(TASK INPUT begins)
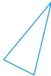
Le triangle isocèle
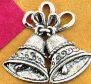
1512 Gr 11,0
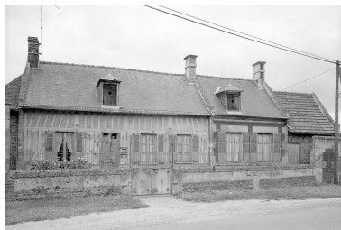
Logis. Elévation antérieure. IVR22_19856000998X
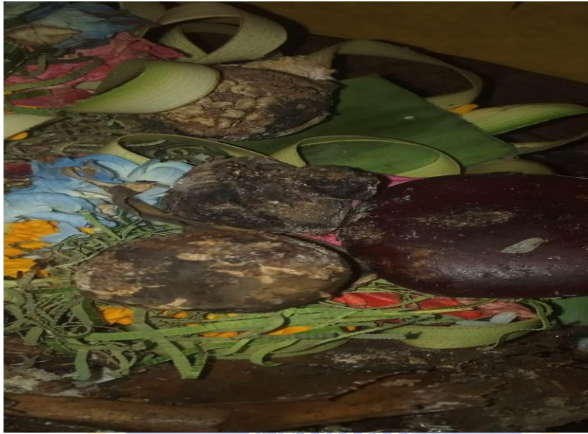
(Gambar 7. Foto gangsing di plangkiran)
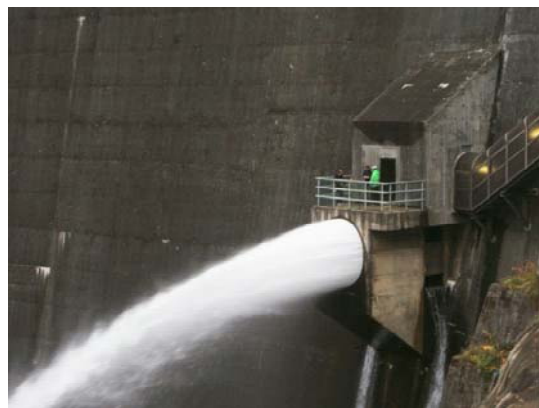
【ダム放流の様子（昨年）】

鳴子ダムホームページ http://www.thr.mlit.go.jp/naruko/ ※発表記者會 古川記者クラブ
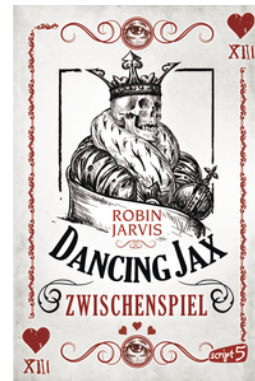
Dancing Jax – Zwischenspiel
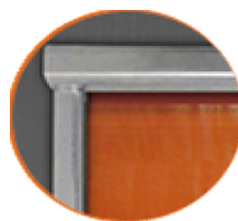
Estrutura de aço galvanizado
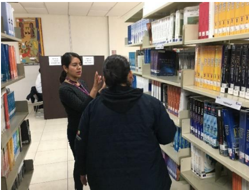
Gestiona la solicitud del servicio
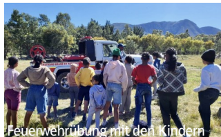
Feuerwehrübung mit den Kindern

Die große Elonwabeni-Familie besteht nicht nur aus den Kindern, Teenagern, Hausmüttern und allen Angestellten. Auch Pflegemütter und -familien, Kirchengemeinden, Fachkräfte und die persönlich miteinander verbundenen Menschen gehören dazu. Bei uns in Deutschland ist es ähnlich: ohne das große Netzwerk an Helfenden, Unterstützerinnen und Unterstützern und dem Freundeskreis von Elonwabeni könnte die KinderAIDShilfe hier nicht die Fülle an Aktionen und Veranstaltungen stemmen. Es sind die vielen Menschen, welche die gemeinsame Arbeit ermöglichen und bereichern.
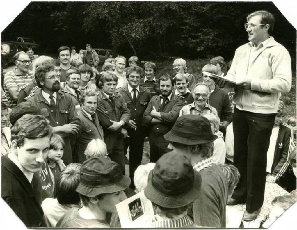
Tauziehen Siegerehrung 1983
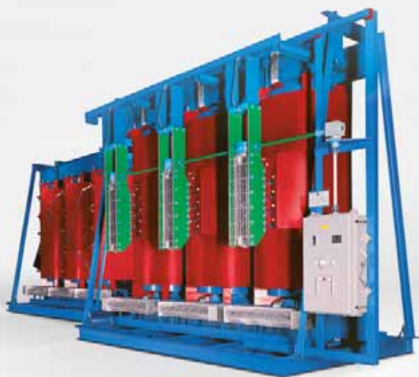
Transformador GEAFOL de 22 MVA con conmutador de tomas sin aceite

Actualmente hay más de 80000 transformadores de resina colada GEAFOL en servicio en todo el mundo. Este folleto le ofrece un resumen de su amplia gama de aplicación y potencia.
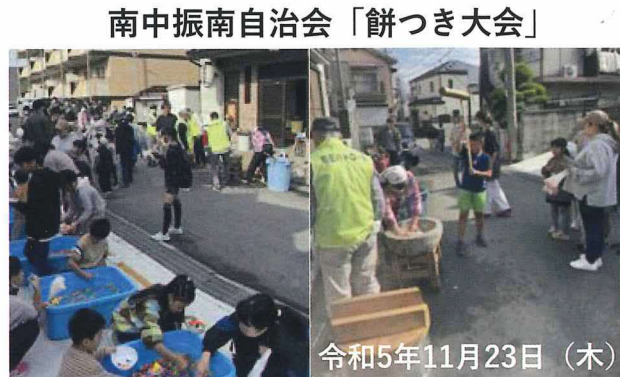
南中振南自治会「餅つき大会」

昨年11月12日(日)の午前中、南中振公園で南中振北地区自治会と北中振中央自治会そして北中振西自治会との合同防災訓練を開催しました。時々小雨と少し寒い中でしたが、有意義な訓練を行うことが出来ました。訓練は枚方消防署中振出張所から7名の職員に来て頂いて、初期消火の対策と水消火器を使用した初期消火訓練を指導して頂きました。AEDを使用している訓練では機材と留意事項の説明の後、皆様に体験して頂きました。特に強調されていたのは、行動する「勇気」が大事だということです。参加して頂いた皆様、長い時間有難うございました。
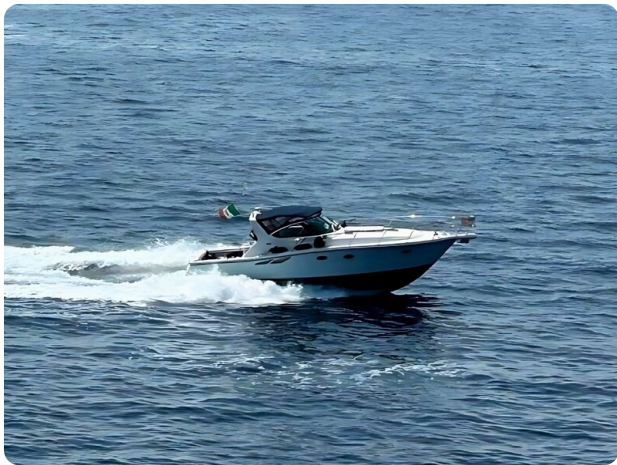
Tiara 3800 Open Cruising
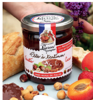
Pâte à tartiner
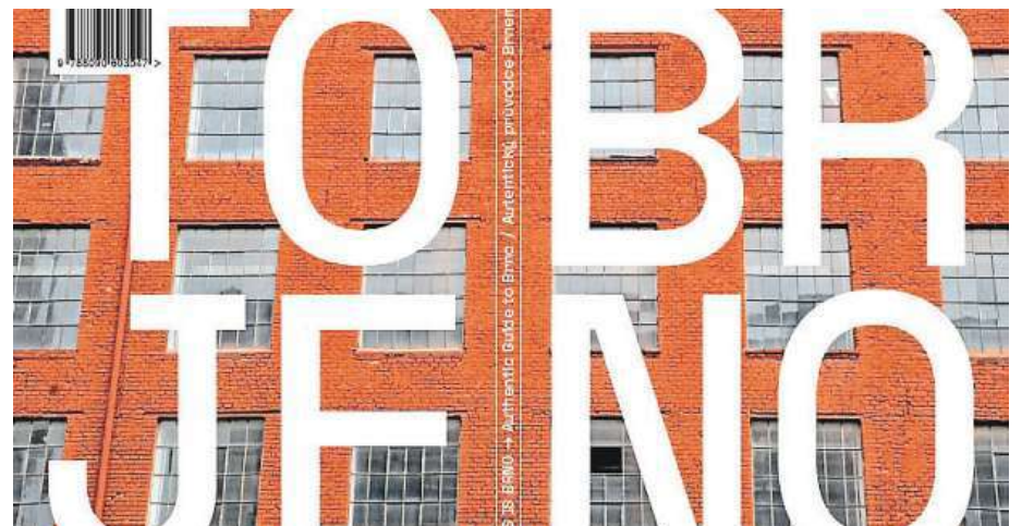
Deset osobností zve na místa, která v běžných průvodcích turisté sotva najdou.
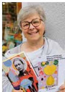
Hilma, von Sofia Lundberg, Alyson Richman und M. J. Rose, ISBN 9783492071390, 24,00 €

Die schwedische Malerin Hilma af Klint packte Anfang des 20. Jahrhunderts ihre Gemälde, Skizzen und Tagebücher in Kisten und verfügte, dass diese erst zwanzig Jahre nach ihrem Tod wieder geöffnet werden dürften. Drei Autorinnen haben sich gemeinsam mit Leben und Werk dieser außergewöhnlichen Künstlerin be-
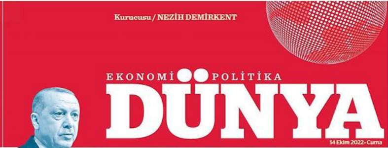
14 Ekim 2022 - Cuma
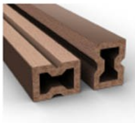
Лага 40*27*2200 мм
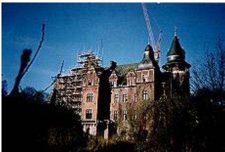
Schloß Krickenbeck während der Sanierung im Frühjahr 1989

Eine wechselnde Geschichte weist Schloß Krickenberg auf. Mehrmals um- und ausgebaut brannte es Anfang dieses Jahrhunderts nieder. Der neue Besitzer ließ im vergangenen Jahr das Kleinod vollständig instandsetzen.
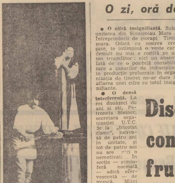
Scenă din spectacolul „1907”, după Dominic Stancu, prezentat de Teatrul dramatic „Al. Davila” din Pitești
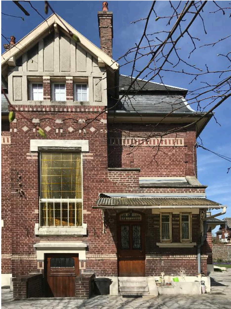
Façade latérale sud, vue partielle.
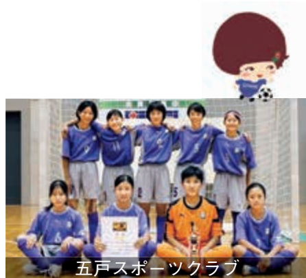
五戸スポーツクラブ
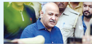
एवेन्यू कोर्ट में इस मामले की अगली सुनवाई 31 जुलाई को सुबह 10:30 बजे होगी। आबकारी नीति से

दिल्ली आबकारी नीति मामले में गिरफ्तार दिल्ली के पूर्व डिप्टी सीएम मनीष सिसोदिया को कोर्ट में पेश किया गया। इस मामले में कोर्ट ने सीबीआई से पूछा है कि क्या सभी आरोपियों को चार्जशीट से जुड़े दस्तावेज दे दिए गए हैं? इस पर सीबीआई ने कोर्ट को बताया कि सभी आरोपियों को चार्जशीट से जुड़े दस्तावेज दे दिए गए हैं। राज्य
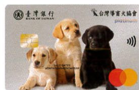
▲一卡通導盲犬認同卡
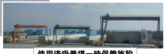
使用済吸着塔一時保管施設
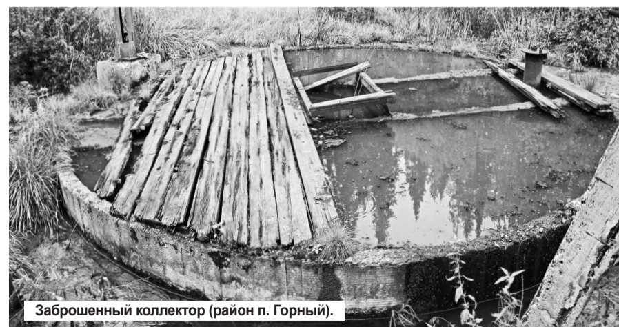
Заброшенный коллектор (район п. Горный).
(TASK INPUT ends)
**TASK TO COMPLETE:**
Repeat each line of the material, unaltered, from the first through the line with "Feuerwehrübung mit den Kindern", and include no pictures.

**EXPECTED ANSWER:**
Le triangle isocèle
1512 Gr 11,0
Logis. Elévation antérieure. IVR22_19856000998X
(Gambar 7. Foto gangsing di plangkiran)
【ダム放流の様子（昨年）】

鳴子ダムホームページ http://www.thr.mlit.go.jp/naruko/ ※発表記者會 古川記者クラブ
Dancing Jax – Zwischenspiel
Estrutura de aço galvanizado
Gestiona la solicitud del servicio
Feuerwehrübung mit den Kindern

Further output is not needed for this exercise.